Heliscope uses the single molecular sequencing approach. The DNA sample is cut in short lengths of about 100-200 base pairs (Wash & Image, 2008).A poly (A) priming universal sequence is added to the 3 prime end of each DNA strand. Each strand is then attached to a fluorescent adenosine polynucleotide. The strands are then transferred onto the heliscope flow cell which contains many T capture sites that are spread on its surface. Each individual DNA template then hybridizes to the surface of the flow cell. The flow cell is loaded into the HeliscopeTM instrument and a laser enlightens its surface showing the position of each fluorescently labelled template. A CCDA camera is used to generate a map of the templates by taking multiple images of the flow cell in an organized way. After imaging, the template label is cleaved and washed away. Sequencing takes place by adding DNA polymerase and any fluorescently labelled nucleotide to the flow cell. T capture sites service sequencing primers by the tSMS process (Wash & Image, 2008). DNA polymerase speeds up the binding of the labelled nucleotides to the set of primers according to the template. A wash up process removes the DNA polymerase and any unbounded nucleotides. The recent incorporation is then visualised by illuminating and imaging the flow cell surface. The cleavage is then removed and the process is repeated in the same way for all the remaining bases until the desired read length is achieved. Sequencing data is gathered with each new base addition. Using the tSMS process, every strand is unique and sequenced independently (Wash & Image, 2008).
Pacific Biosciences SMRT
Pacific Biosciences uses the single molecule approach in a real time fashion, hence SMRT. Firstly, the individual nucleotides are labeled with a different fluorescent colour which is attached to the terminal phosphate instead of the base of the nucleotide. This feature allows the DNA polymerase enzyme to cleave off the fluorescent label when a base is incorporated. The following process emits light which can be captured in a nano-photonic chamber known as the Zero Mode Waveguide (Metzker, 2010). Nucleotides flow in and out of the chamber of the ZMW and when DNA polymerase initiates the incorporation of a nucleotide, it takes several nanoseconds during which its fluorescent label is excited and the light emitted is captured by a detector. After binding, the label is cleaved off and it diffuses away. The whole process is repeated and the different burst of lights corresponds to different nucleotides which are recorded and analysed by researchers (Metzker, 2010).

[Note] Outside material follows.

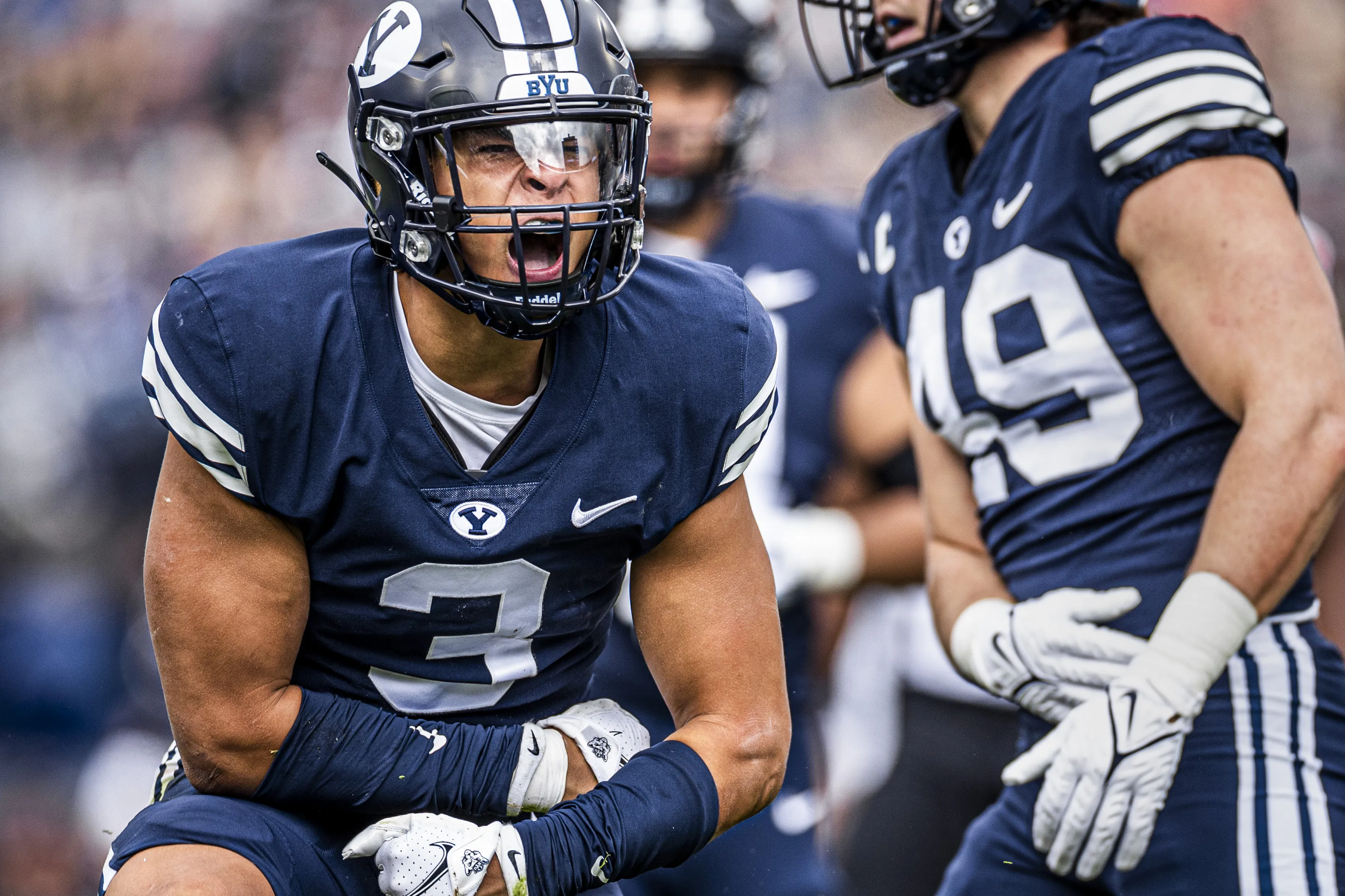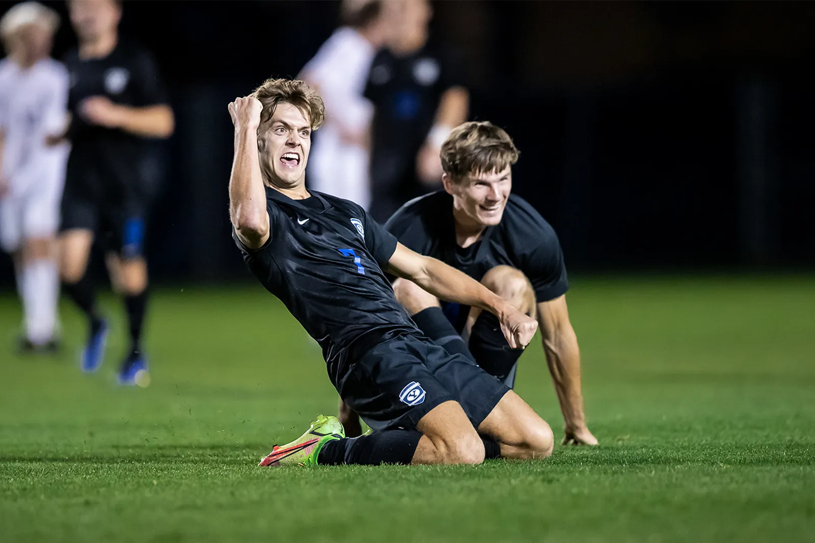 Southern Virginia University's Number 17, Adrean Howard, hypes up the crowd at Homecoming game beating Greensboro College 31-14. Go Knights!

Comparison of the platforms
The references  and  refers to (Gupta et al., 2010) and (Metzker, 2010) respectively. There are some discrepancies between the two papers concerning the throughput, run time and read length. Metzker states that one of the advantages of Illumina is the fact that it is widely popular which does not constitute a really strong point.
NGS Technologies can be used to find the positions of nucleosomes with respect to DNA which can be helpful to understand their role in the regulation of transcription (Schones et al., 2008).Schones et al. (2008) describes the experimental procedures in different stages.

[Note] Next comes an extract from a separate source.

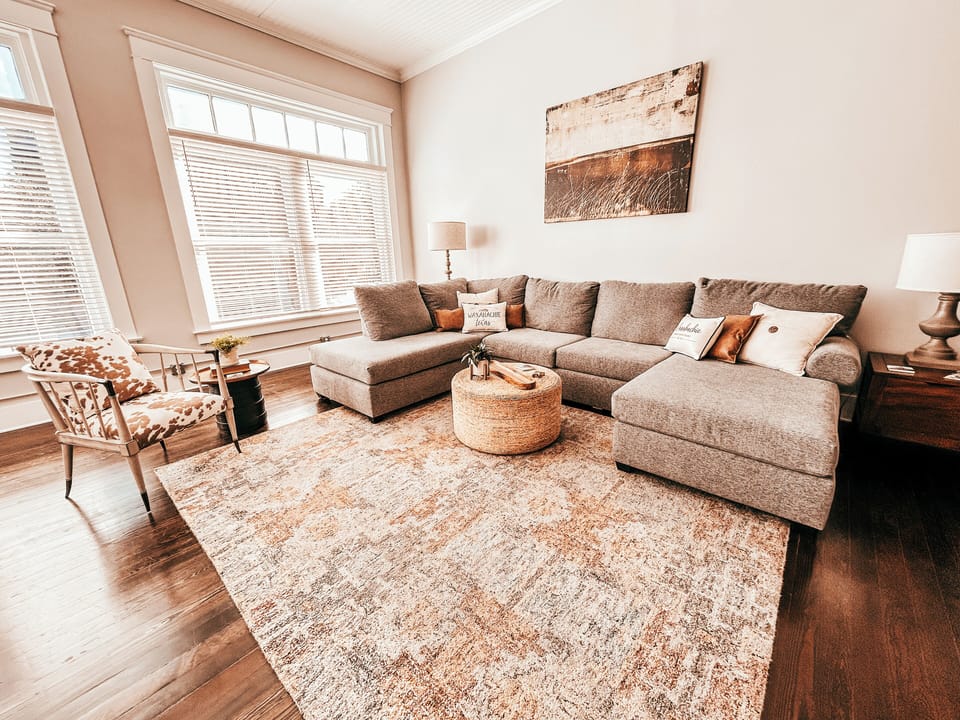 Relaxing oversized living room with views of the Historic Downtown Courthouse.

The first step involved the preparation of the nucleosome solution. In this phase, CD4 + T cells were incubated with anti CD3 and anti CD28 so as to activate the cells for 18 hours. After that, the T cells were treated with MNASE to generate the mononucleosomes. DNA fragments of about 150 base pairs in length were obtained from the agarose gel and ligated to the Solexa flow cells. These were then sequenced using the Illumina/Solexa Genome Sequencing machine.
The next phase involved the analysis of all the data being generated from the sequencer. Solexa pipeline analysis was the first one to be carried out where sequenced reads of 25 base pairs was mapped to the human genome (hg18) and only the matching ones were kept and others discarded. Nucleosome scoring was facilitated since the sequenced reads acted as an input in the scoring function to generate a nucleosome profile. This was achieved by using a sliding window of about 10 base pairs. The next step involved classifying gene sets and this was achieved using microarray experiments. Polymerase II stalling analysis was carried out in an mRNA-level based approach so as to identify which genes contained stalled, elongated or no Polymerase II. The sequence reads were then modelled as a Poisson distribution of the whole genome to spot the sliding window with Polymerase II. Each gene set was then aligned so as to analyze the Transcription start site found near the genes. Nucleosome levels specific to a nucleosome position were then quantified by using aligned reads and window values.

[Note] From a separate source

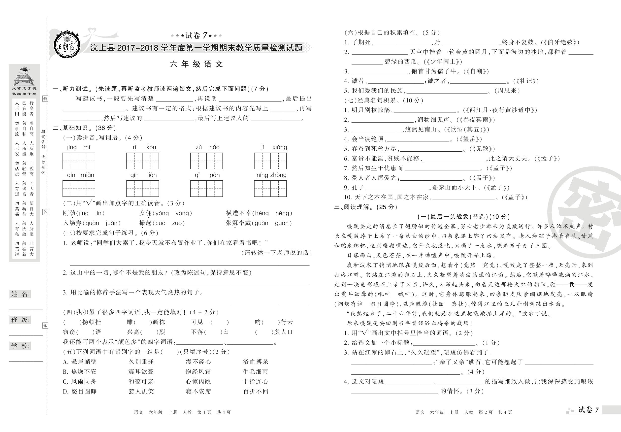 2017-2018学年第一学期济宁市汶上县六年级语文试卷(人教版)【7】

At the end of the experiments, the results found by the researchers stated the nucleosome position relative to DNA had a direct correlation with transcription regulation involving RNA polymerase II binding. Some of the experiments results can be depicted in Figure 2, Figure 3 and Figure 4 respectively.
Next generation sequencing technologies have indeed created a revolution concerning DNA sequencing and has opened the doors to a new field which is very different from that of traditional sequencing methods. There is a fierce competition between companies to produce up to date, fast and reliable sequencing methods. However, despite all the advantages that NGS brought along, they still pose several challenges to the field of bioinformatics.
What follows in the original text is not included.